What is $cos\left( 2arcsin\left( -\dfrac{1}{2} \right) \right)$?

Answer 1

Hint: We have cosine and sine inverse functions here. We resolve the brackets starting from the innermost bracket. We then resolve the brackets further. We will use some formulae involving trigonometric functions. We need to be aware about the range of inverse functions as well. We will be using some properties of the cosine function too.

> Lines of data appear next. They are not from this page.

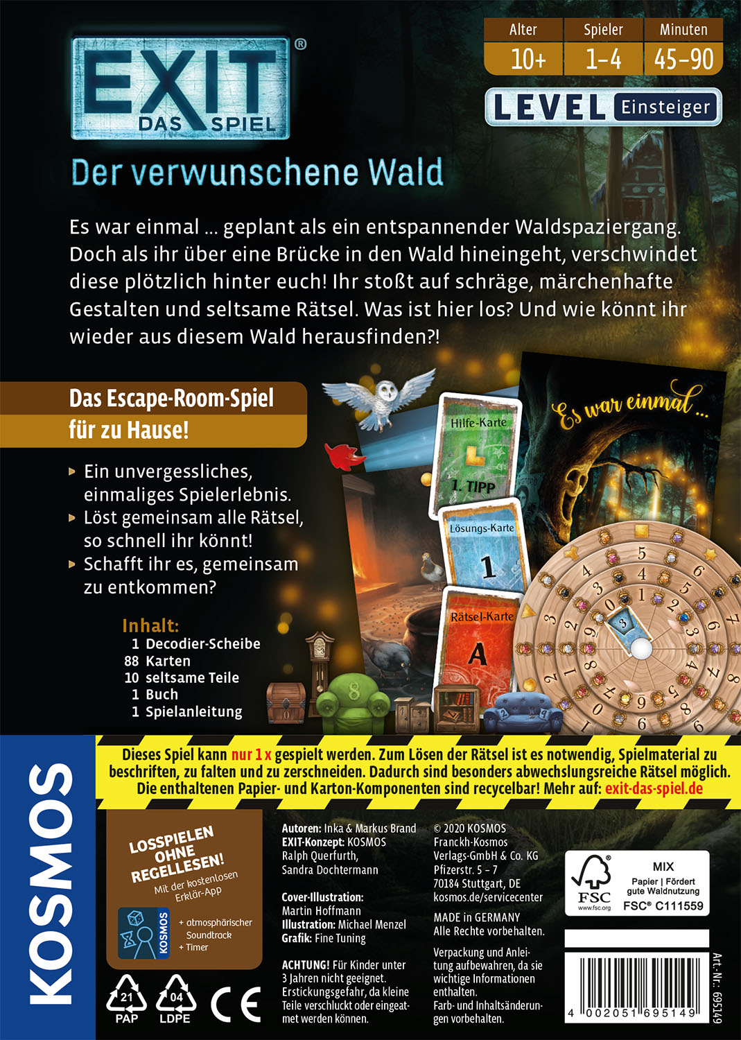 Aus der erfolgreichen Spielereihe "EXIT® - Das Spiel". Das Escape-Room-Spiel für zu Hause. Könnt ihr die Rätsel lösen und dem Wald entkommen? 1-4 SpielerInnen lösen im Team clevere Rätsel und brauchen dazu Teamgeist, Kreativität und Kombinationsgeschick. Kooperatives Erlebnisspiel im Level: Einsteiger. Mit Tutorial und Timer in der kostenlosen KOSMOS-Erklär-App. Mit und ohne App spielbar. Gesellschaftsspiel für Erwachsene, Fans von Live Escape Rooms und Familien ab 10 Jahren. Ideal als Partyspiel, Eventspiel und als Geburtstagsgeschenk. Da die Materialien für die außergewöhnlichen Rätsel verändert werden, nur einmal spielbar! In nur wenigen Minuten von der Wirklichkeit mitten hinein in ein aufregendes Märchen-Abenteuer: Im EXIT® Spiel "Der verwunschene Wald" geht es von einem Moment auf den anderen nicht mehr mit rechten Dingen zu! Die Spielerinnen und Spieler stoßen auf seltsame Märchenwesen, die ihnen ungewöhnliche Rätsel stellen. Nur wenn sie diese gemeinsam lösen, finden sie aus dem Wald wieder heraus. Wie sie am besten vorgehen und welche Hilfsmittel sie dafür einsetzen entscheiden alle gemeinsam im Team. Seite für Seite und Karte um Karte kommen sie den Geheimnissen des mysteriösen Ortes und seiner Bewohner näher. Tolle Rätsel-Erfolgserlebnisse und ein spannendes Setting erwarten euch!Mit der Reihe "EXIT® - Das Spiel" bringt KOSMOS das Gefühl der Live-Escape-Rooms zu euch nach Hause. Jede Box bietet einer Gruppe von 1 bis 4 Personen ein außergewöhnliches Spielerlebnis für einen einmaligen und absolut unvergesslichen Abend! Der Wettlauf gegen die Zeit und die cleveren Rätsel dieser innovativen Spielreihe sorgen für Spannung und geistige Herausforderung in den eigenen vier Wänden. Um die Rätsel zu lösen und sich somit gemeinsam aus der misslichen Lage zu befreien ist Teamgeist gefragt! Also arbeitet gut zusammen, denn die Zeit läuft...Live-Escape-Feeling im Einsteiger-Level.Inhalt: 1 Decodier-Scheibe, 88 Karten, 10 seltsame Teile, 1 Buch, 1 Spielanleitung
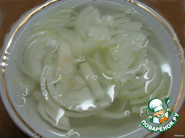 Избавляемся от горечи: Заливаем кипятком минут на 10 (я обычно на вкус проверяю, чтобы был еле уловимый луковый вкус), затем заливаем холодной водой и оставляем до момента смешивания.
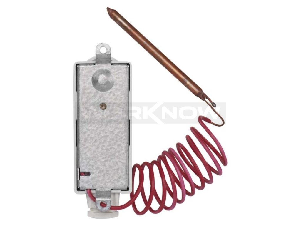 Příložný termostat s prodlouženým čidlem pro povrchovou montáž. Snímá teplotu vody v zásobnících teplé užitkové vody a nebo v topných systémech. Umožňuje regulaci teploty, hlídání teplotních omezení a funkci poklesu teploty.
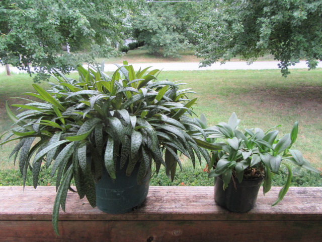 Ledebouria socialis (var. violacea) on the left at 22″ wide and L. socialis (var. paucifolia) at 17″ wide on the right on 8-14-21, #826-34.
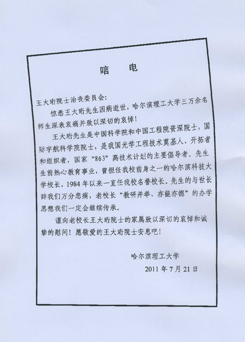 哈尔滨理工大学唁电
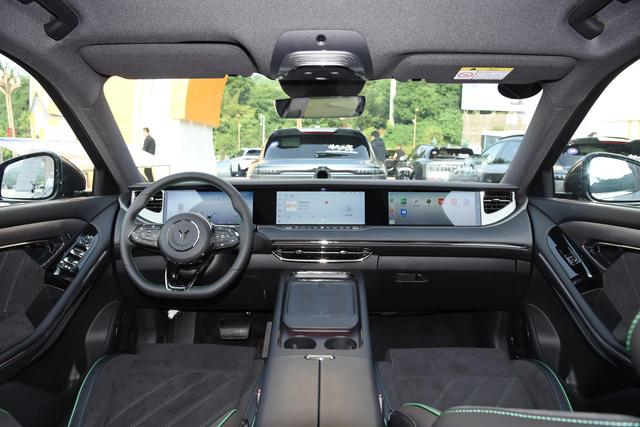 内饰中控台配备了可升降一体式三联屏,整体长度为1066mm,可根据驾驶模式调整屏幕高度。方向盘和座椅使用仿生麂皮材质搭配绿色缝线,还在细节处融入了大量碳纤维饰板的点缀。车机内集成了全新一代智能座舱,支持华为HiCar手机互联;并针对语音管家进行了优化升级,支持四音区声源定位,提供连续性语音识别、可见即可说、手势控制功能以及多指飞屏操控等功能。副驾驶娱乐屏拥有爱奇艺、腾讯爱趣听、喜马拉雅、K歌、无线投屏等众多娱乐功能。新车还搭载了最新的百度apollo领航辅助智驾2.0系统,提升了日常驾驶的安全属性。
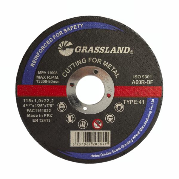 Grassland Metal Inox Cutting Off Wheels is designed to be used with a high-speed cutter, such as an angle grinder, circular saw, portable circular saw, or die grinder. The abrasive wheel makes fast, clean cuts in steel, stainless steel, and other ferrous metals. Made with tough aluminum oxide, heat-treated aluminum oxide, or silicon carbide abrasive grain and double-reinforced with high strength fiberglass, these cutting wheels

Complete step-by-step answer:
We are given$cos\left( 2arcsin\left( -\dfrac{1}{2} \right) \right)$. Now, we first solve the innermost bracket. For that we need to be aware about the range of the arcsine function. The arcsine function is basically the inverse sin function that works in the following way:
If $sinx=y$, then $x=arcsiny$ or in other notation, we can also write:
$x=sin^{-1}y$
The range of $arcsin\left(x\right)$ is $\left[\dfrac{-\pi}{2},\dfrac{\pi}{2}\right]$.
So, we need to find a value in this range such that
$sin\left(x\right)=\dfrac{-1}{2}$
Since we know that
$sin\left( \dfrac{-\pi }{6} \right)=\dfrac{-1}{2}$
This happens due to the following result:
$\sin \left( -x \right)=-\sin \left( x \right)$
Using this we obtain:
$x = \dfrac{-\pi}{6}$
So, now our problem becomes:
$cos\left(2\times\dfrac{-\pi}{6}\right)=cos\left(\dfrac{-\pi}{3}\right)$
Now, we use the following result:
$cos\left(-\theta\right)=cos\left(\theta\right)$
And we obtain the following:
$\Rightarrow cos\left( 2\times \dfrac{-\pi }{6} \right)=cos\left( \dfrac{-\pi }{3} \right)=cos\left( \dfrac{\pi }{3} \right)=\dfrac{1}{2}$
Hence, we have obtained the result after solving the expression.

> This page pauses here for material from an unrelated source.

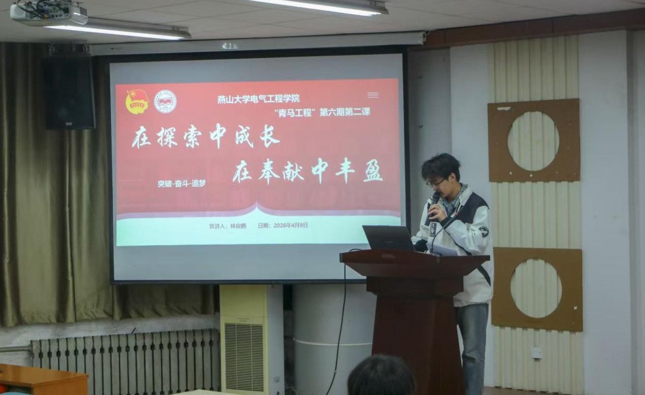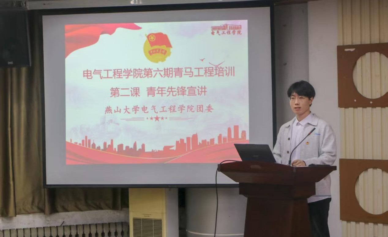为深入推进青年马克思主义者培养工程,进一步加强学生思想政治引领,激励青年学子以榜样为镜、向先锋看齐,2026年4月9日下午,燕山大学电气工程学院组织开展了第六期“青马工程”培训第二课——青年先锋宣讲,全体学员参与本次培训。

Note: You should be aware about the basic formulae of trigonometry as well as inverse trigonometry if you want to solve such problems with as minimal errors as possible. Moreover, you should solve the innermost brackets first. And also note that while resolving the brackets, when the sine bracket will be opened then the negative sign will come out whereas when the cosine bracket will open, a positive sign will come out. Don’t mix them up otherwise it will lead to an invalid solution.